Methane Emissions from Process Equipment at Natural Gas Production Sites in the United States: Liquid Unloadings

by David T. Allen, David W. Sullivan, Daniel Zavala-Araiza, Adam P. Pacsi, Matthew Harrison, Kindal Keen, Matthew P. Fraser, A. Daniel Hill, Brian K. Lamb, Robert F. Sawyer, and John H. Seinfeld

Environmental Science & Technology 2014 doi: 10.1021/es504016r

Methane emissions from liquid unloadings were measured at 107 wells in natural gas production regions throughout the United States. Liquid unloadings clear wells of accumulated liquids to increase production, employing a variety of liquid lifting mechanisms. In this work, wells with and without plunger lifts were sampled. Most wells without plunger lifts unload less than 10 times per year with emissions averaging 21 000–35 000 scf methane (0.4–0.7 Mg) per event (95% confidence limits of 10 000–50 000 scf/event). For wells with plunger lifts, emissions averaged 1000–10 000 scf methane (0.02–0.2 Mg) per event (95% confidence limits of 500–12 000 scf/event). Some wells with plunger lifts are automatically triggered and unload thousands of times per year and these wells account for the majority of the emissions from all wells with liquid unloadings.

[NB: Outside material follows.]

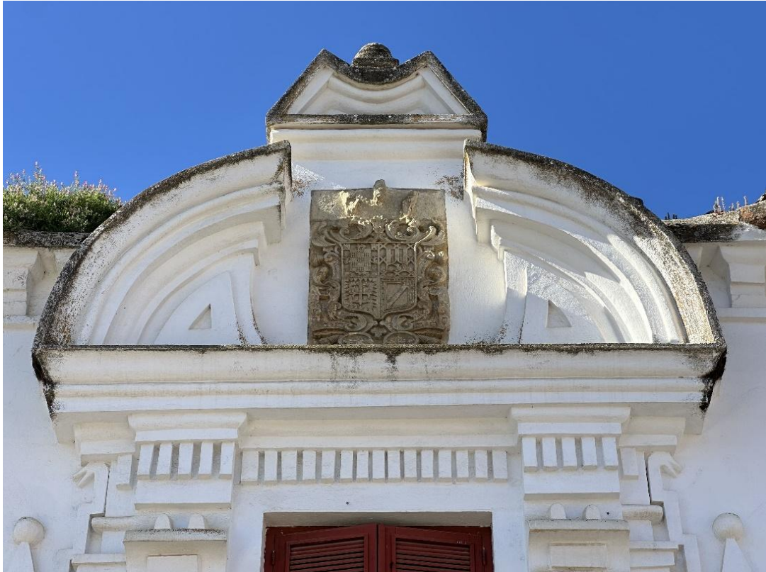
En las imágenes, cornisa de perfil semicircular, en cuyo centro se sitúa el escudo nobiliario.

If the data collected in this work are assumed to be representative of national populations, the data suggest that the central estimate of emissions from unloadings (270 Gg/yr, 95% confidence range of 190–400 Gg) are within a few percent of the emissions estimated in the EPA 2012 Greenhouse Gas National Emission Inventory (released in 2014), with emissions dominated by wells with high frequencies of unloadings.